El camino está salpicado de negocios abandonados, con las ventanas rotas, los muros mohosos, musgo creciendo frente a las puertas y los tejados a punto de caerse entre las paredes. Paro a ver como pescan en sus barcas y continuo por una carretera secundaria que da puntadas a un manto de árboles que llegan hasta el agua.  Son las 12 del mediodía y llego muy temprano a donde tenía pensado pasar la noche. Se nota que no hubo ningun contratiempo. Escudriño mi mapa y con la moral por las nubes me planteo tirar hasta cerca de Kyoto. Pero al pasar por Makino un cartel que dice “Makino sunny beach camping” que por su aspecto cumple con mis expectativas de higiene corporal, ya me va haciendo falta una ducha, me hace cambiar de idea. Mis oraciones fueron escuchadas y me doy una ducha de 5 gloriosos minutos tras introducir varias monedas de 100 yenes, descubro los placeres del retrete estilo japonés, que no es lo mismo que un retrete japonés estilo occidental, y el cansancio hizo que lo que quedaba de día fuese un suspiro.

Domingo 16 de Noviembre.

A las dos y media de la mañana me despierta la lluvia.
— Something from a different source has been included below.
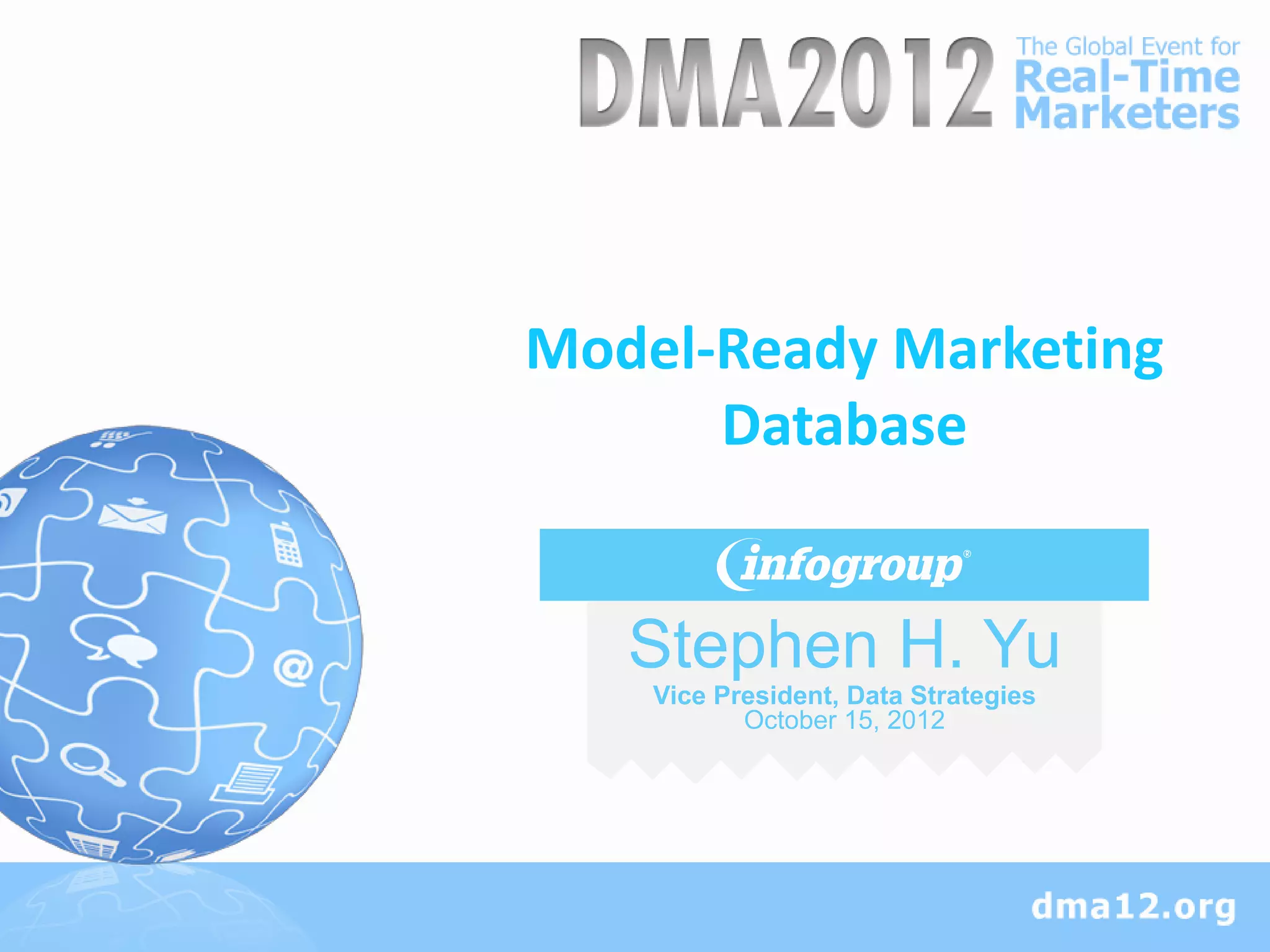 The document provides guidance on designing marketing databases to support advanced analytics and predictive modeling. It discusses the importance of collecting the right data ingredients, summarizing and categorizing variables, and ensuring consistency. Different types of analytics and variables are described, along with challenges in implementing models and what a "model-ready" database environment entails.

Con mi mejor pijama, armado con mis chanclas de goma y mi linterna de manivela. Resguardo mi bici bajo el techo del lavadero regresando a mi lecho no sin antes asegurarme de que no hay charcos junto a la tienda. Al día siguiente aun lloviznaba. Corrí hasta recepción a pedir con mi mejor japones una azada para asegurar que no se acumulase agua bajo mi tienda, y a notificarles que hoy sería mi primera jornada de descanso. No pude hacer mucho más que leer un manga medio empapado que me encontré bajo un árbol, hablar con un señor muy raro que paseaba su perro y contemplar como se van yendo los demás campistas, desde un banco frente a los baños. Por la tarde, la mejoría del tiempo permite que disfrute de andar en bici sin mi pesado equipaje. Otra actividad fascinante fue sacar punta a mi diminuto lápiz de IKEA gastado de actualizar el diario. En resumen, que no olvidaré fácilmente este día.